# Alternative uses for un-subbed tivo hardware?



## Gai-jin (Feb 28, 2000)

Now that an unsubscribed tivo box has a value of less than 0 for use as a tivo, 

What can be done with an unsubscribed tivo box, other than using it as a tivo?

Any linux distros that can be installed on the hardware without too much difficulty?

3rd party dvr software?

Anything more creative?


----------



## mr.unnatural (Feb 2, 2006)

That all depends. If it's a series 2 or 2.5 standalone box or series 1 DTivo it will make a nice doorstop. If it's a series 1 standalone model then you can install an older OS version and use it as a manual DVR with no guide data. If you have a series 2 DTivo then you can hack it to add MRV functionality and use it as a dummy terminal to view shows recorded on another S2 DTivo that has also been hacked with MRV. If you have an HDTivo then you can use the OTA tuners to view your locals in HD, but you won't be able to record anything.


----------



## Gai-jin (Feb 28, 2000)

I know that it can't be used as a tivo without a subscription. What I'm wondering is has anyone converted it to work as a linux based file server, or some other functionality? 

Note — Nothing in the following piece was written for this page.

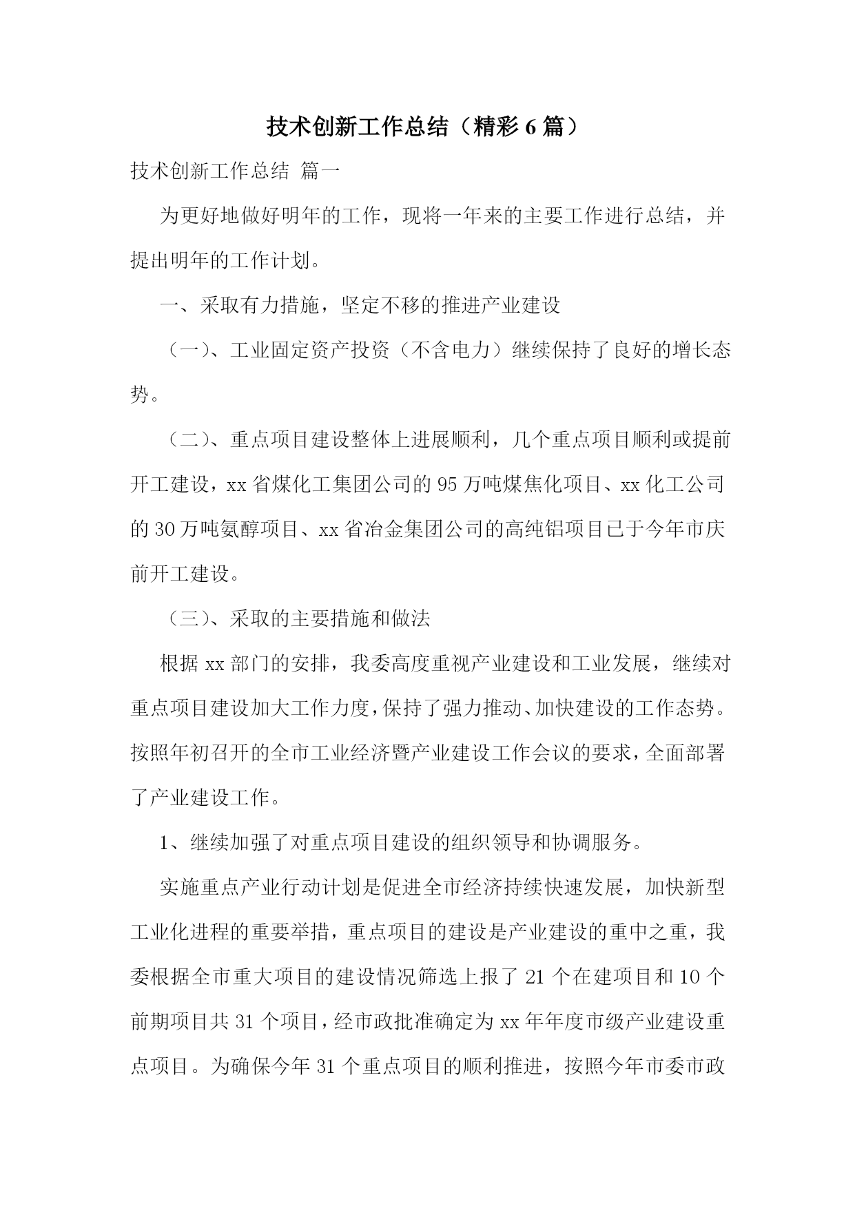 技术创新工作总结(精彩6篇)技术创新工作总结篇一为更好地做好明年的工作,现将一年来的主要工作进行总结,并提出明年的工作计划。一、采取有力措施,坚定不移的推进产业建设(一)、工业固定资产投资(不含电力)继续保持了良好的增长态势。(二)、重点项目建设整体上进展顺利,几个重点项目顺利或提前开工建设,xx省煤化工集团公司的95万吨煤焦化项目、xx化工公司的30万吨氨醇项目、xx省冶金集团公司的高纯铝项目已于今年市庆前开工建设。(三)、采取的主要措施和做法根据xx部门的安排,我委高度重视产业建设和工业发展,继续对重

Tivo proprietary software aside, can the hardware be used for other functions?


----------



## thepackfan (May 21, 2003)

You can use it with your pc and tivoserver as a depository for video's


----------



## MikeMar (Jan 7, 2005)

take out the harddrive and format it and have a 80 gig hard drive


----------



## Gai-jin (Feb 28, 2000)

thepackfan said:


> You can use it with your pc and tivoserver as a depository for video's


Would that be for video's only in the tivo format?

Ideally, I'd like to store my mp3 collection on it, and have them available through a shared drive. Also various TV shows and such that have been converted to ipod format.


----------



## BTUx9 (Nov 13, 2003)

people have successfully run debian installs on the tivo... just keep in mind that it is VERY short on processing muscle and ram, compared to most modern PCs


----------



## Gai-jin (Feb 28, 2000)

thepackfan said:


> You can use it with your pc and tivoserver as a depository for video's


I'm going to look into this some more. At a glance, the tivo server app looks pretty cool.

When you say depository, you mean I can store video files on the tivo itself, right? As opposed to the tivo being a dumb receiver of content.


----------



## JWThiers (Apr 13, 2005)

Gai-jin said:


> When you say depository, you mean I can store video files on the tivo itself, right? As opposed to the tivo being a dumb receiver of content.


Not sure what you mean by this but, what you end uo with is a tivo that can't record stuff on its own, but it does show up as a tivo you can MRV stuff from. Tivoserver lets you transfer the stuff that is on your PC to the tivo. So as long as you have video saved as a supported format your home videos can be put on the tivo. The only downside is that the video has to be on your PC and not another tivo. There are tools to do that but that is real close to extraction and not talked about here. You could try DDB look for mfs_ftp.


----------



## Gai-jin (Feb 28, 2000)

JWThiers said:


> Not sure what you mean by this but, what you end uo with is a tivo that can't record stuff on its own, but it does show up as a tivo you can MRV stuff from. Tivoserver lets you transfer the stuff that is on your PC to the tivo. So as long as you have video saved as a supported format your home videos can be put on the tivo. The only downside is that the video has to be on your PC and not another tivo. There are tools to do that but that is real close to extraction and not talked about here. You could try DDB look for mfs_ftp.


Yes, this sounds like what I'm looking for. Does the video have to be converted to tivo format to be able to store it on this un-subbed tivo?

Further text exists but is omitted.